Set down all of the entries word for word, omitting the images they contain.
● ● ● ● ● ● ●
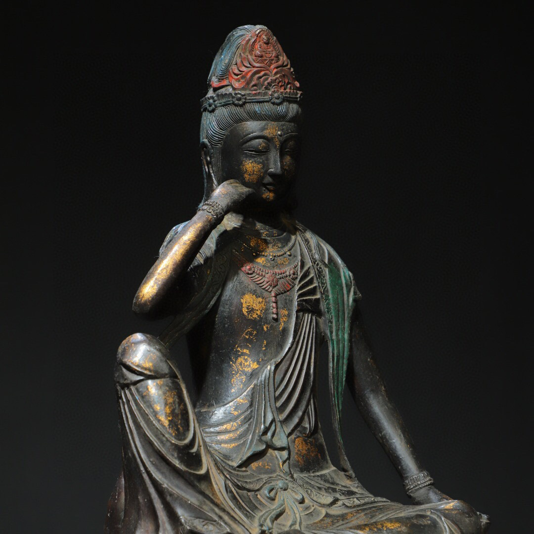 ▽鴻▽ 銅製 拓金 自在觀音像 置物 古賞物 中国古玩 中国古美術
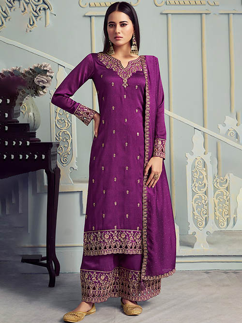 This beautiful salwar kameez palazzo suit top comes in silk georgette and is enhanced with elegant work. The designer palazzo bottom (salwar) comes in premium silk georgette. Dupatta comes in silk georgette.
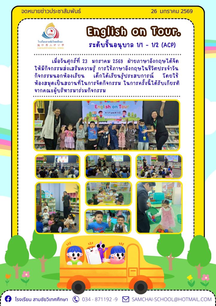 โรงเรียนสามชัยวิเทศศึกษา จัดกิจกรรม English On Tour สำหรับนักเรียนระดับชั้น อนุบาล 1 เพื่อส่งเสริมการเรียนรู้ภาษาอังกฤษผ่านประสบการณ์ตรงนอกห้องเรียน มุ่งเน้นการเรียนรู้จากสถานการณ์จริงควบคู่กับความสนุกสนาน เหมาะสมกับพัฒนาการของเด็กปฐมวัย
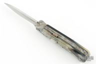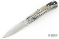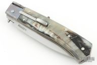 This Picklock Auto by Antonio Contini features a satin finished blade. The handle has anodized titanium bolsters and liners with buffalo horn scales. This one has a rolling safety on the spine. Nice action and lockup. Comes with original box and COA. Excellent condition.
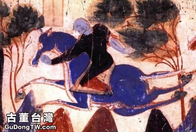 這是兩位兄長見薩埵王子捨身飼虎,急忙策馬回宮報信的情景。馬的形象是嘴細長,頭部和臀部豐碩,瘦腕大蹄。
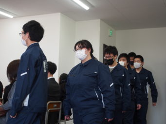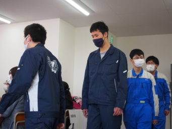 青いつなぎを着ているのは編入生等のみなさん。
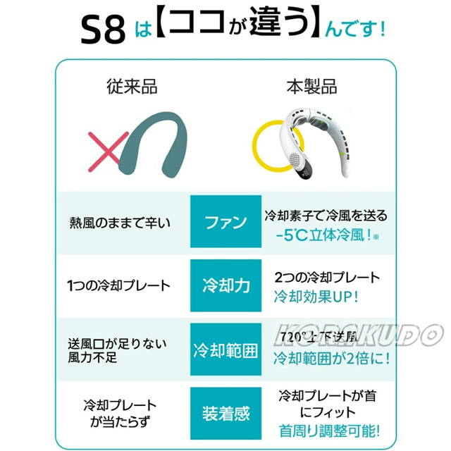 - ひんやり冷たくて、冷風もくるのでとても気持ちがいいです。音は気持ち大きいが、それなりの風力。外に出る時は必須のアイテムになりそうです。購入して正解でした。
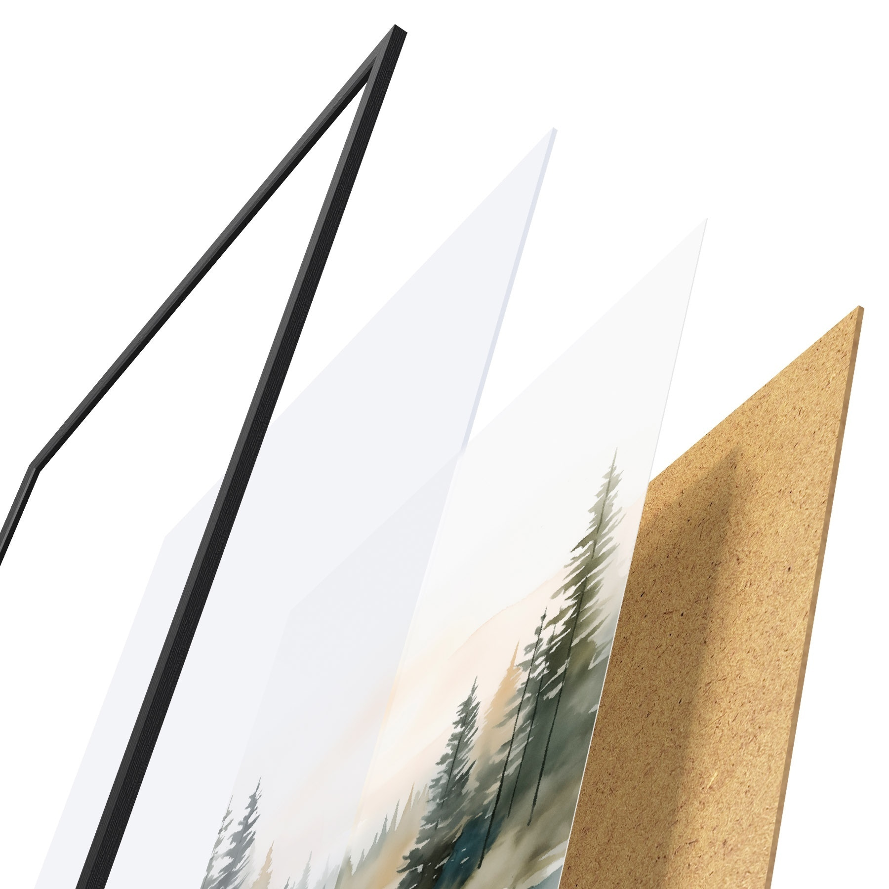 A poszter keretből, plexiből, nyomtatott képből és forgácslap hátlapból áll. A poszter a hátoldalon található rögzítőknek köszönhetően azonnal felakasztható a falra.
● ● ● ● ● ● ●
Final answer -
 ▽鴻▽ 銅製 拓金 自在觀音像 置物 古賞物 中国古玩 中国古美術
 This beautiful salwar kameez palazzo suit top comes in silk georgette and is enhanced with elegant work. The designer palazzo bottom (salwar) comes in premium silk georgette. Dupatta comes in silk georgette.
 โรงเรียนสามชัยวิเทศศึกษา จัดกิจกรรม English On Tour สำหรับนักเรียนระดับชั้น อนุบาล 1 เพื่อส่งเสริมการเรียนรู้ภาษาอังกฤษผ่านประสบการณ์ตรงนอกห้องเรียน มุ่งเน้นการเรียนรู้จากสถานการณ์จริงควบคู่กับความสนุกสนาน เหมาะสมกับพัฒนาการของเด็กปฐมวัย
 This Picklock Auto by Antonio Contini features a satin finished blade. The handle has anodized titanium bolsters and liners with buffalo horn scales. This one has a rolling safety on the spine. Nice action and lockup. Comes with original box and COA. Excellent condition.
 這是兩位兄長見薩埵王子捨身飼虎,急忙策馬回宮報信的情景。馬的形象是嘴細長,頭部和臀部豐碩,瘦腕大蹄。
 青いつなぎを着ているのは編入生等のみなさん。
 - ひんやり冷たくて、冷風もくるのでとても気持ちがいいです。音は気持ち大きいが、それなりの風力。外に出る時は必須のアイテムになりそうです。購入して正解でした。
 A poszter keretből, plexiből, nyomtatott képből és forgácslap hátlapból áll. A poszter a hátoldalon található rögzítőknek köszönhetően azonnal felakasztható a falra.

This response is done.